Whisk egg whites, add 1 Tbsp caster sugar and beat for 30 seconds. Sift in remaining sugar and cinnamon, and gently fold through egg whites with the nuts.

Spread on to two sheets of nonstick baking paper, divided into two 20cm circles (you can draw the circles on the paper before you start).

Bake for 1 to 11/4 hours.

To make the filling, mix coffee and sugar with 1 Tbsp hot water and cool.

Whip the cream and as it starts to thicken add the coffee mix and keep beating till thick.

Sandwich the two meringue discs together with the cream.

Very gently wrap in foil and freeze flat.

Defrost 3 hours before needing (keep in the fridge).

Sprinkle with icing sugar, and if you like, pipe on cream rosettes and decorate with strawberries or chopped nuts.

Baked Salmon

Can be prepared the day before and held in the fridge then cooked on the day. This is great for dinner parties.

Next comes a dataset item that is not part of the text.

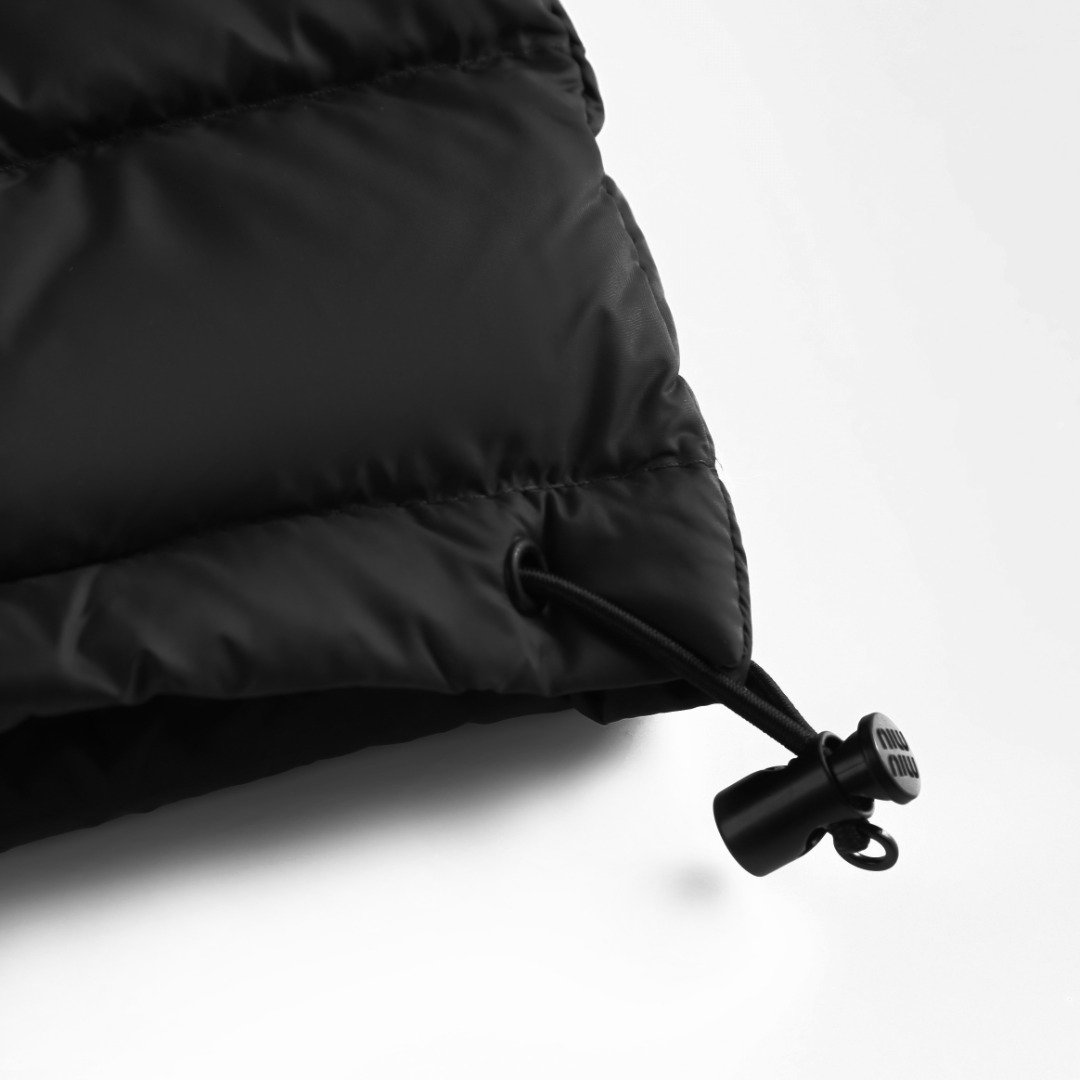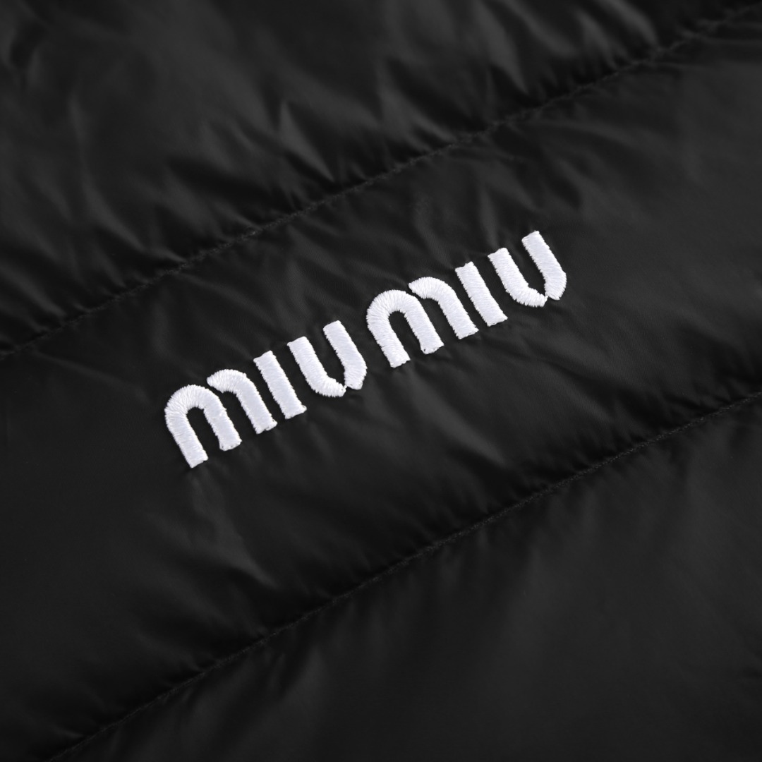 Tags: Designer Winter Coat, Embroidered Hooded Jacket, High Quality Down Jacket, Luxury Outerwear, Miu Miu Down Jacket, Winter Down Coat

Side of salmon - 200g per person or 100g if serving with other meats

Basil or tomato pesto

Red onion


Lemon juice


Black pepper & salt


Spread salmon with basil or sundried tomato pesto mixed with thinly sliced red onion. Scatter over tomato wedges, squeeze over lemon juice and add lots of black pepper, salt and parsley.

Preheat the oven to 200 degrees Celsius and bake the salmon for 15-25 minutes. (Depending on how well done you like it - after 15 minutes it's still opaque, after 25 mins it's cooked through).

Lie the side of salmon on a sheet of baking paper then on a double layer of foil and bake uncovered in the oven.